Análise da alternativa correta (C):
Valores de HbA1c entre 5,7% e 6,4% configuram um quadro de pré-diabetes, conforme o Protocolo Clínico e Diretrizes Terapêuticas (PCDT) para DM2, indicando alto risco para o desenvolvimento da doença. Esse intervalo sugere comprometimento inicial do metabolismo glicídico, recomendando-se acompanhamento regular e mudanças de estilo de vida para evitar evolução para DM2. Segundo a Sociedade Brasileira de Diabetes: “pessoas com HbA1c de 5,7 a 6,4% possuem risco aumentado para diabetes e devem ser monitoradas e orientadas quanto à prevenção”.
Análise das alternativas incorretas:
A) Incorreta. O diagnóstico de DM2 não pode ser afirmado com glicemia de jejum de 115 mg/dL, já que o valor diagnóstico é ≥ 126 mg/dL (PCDT para DM2, seção “Critérios Diagnósticos”). Glicemia entre 100 e 125 mg/dL sugere apenas glicemia de jejum alterada, não diabetes.

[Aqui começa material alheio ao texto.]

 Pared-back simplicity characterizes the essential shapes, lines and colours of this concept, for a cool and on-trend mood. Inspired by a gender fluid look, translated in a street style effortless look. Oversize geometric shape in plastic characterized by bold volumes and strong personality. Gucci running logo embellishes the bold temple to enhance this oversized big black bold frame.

B) Incorreta. Se paciente tem sintomas clássicos (poliúria, polidipsia, perda de peso) e glicemia casual > 200 mg/dL, não é necessário teste de tolerância oral à glicose (TOTG) para confirmar DM: o diagnóstico já está estabelecido, conforme PCDT e diretrizes da ADA e SBD.

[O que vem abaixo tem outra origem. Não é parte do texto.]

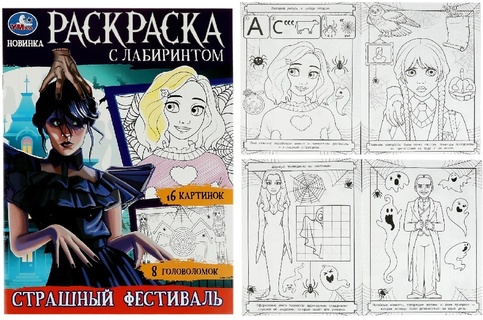 Раскраска "I love Wednesday.Страшный фестиваль.Раскраска-лабиринт" А4 16стр 354608(6239)СУПЕРЦЕНА

D) Incorreta. Metformina é uma biguanida, não uma sulfonilureia. Além disso, o tratamento inicial recomendado envolve primeiramente mudanças no estilo de vida. A introdução da metformina se dá caso as metas glicêmicas não sejam atingidas.
E) Incorreta. Apesar do DM2 ser progressivo, complicações crônicas podem ser prevenidas com adequado controle glicêmico. Diretrizes ressaltam a importância de manter níveis glicêmicos sob controle para retardar ou evitar o aparecimento de complicações.
Pontos-chave e estratégias: Fique atento a termos como “diagnóstico”, os valores de corte para glicemias e HbA1c, além de associações erradas de classes medicamentosas. Sempre relacione sintomas com critérios laboratoriais atuais e desconfie de alternativas que misturam conceitos de tratamento primário e secundário erroneamente.
Conclusão: A alternativa C expressa o conhecimento mais atualizado e correto conforme as principais diretrizes brasileiras.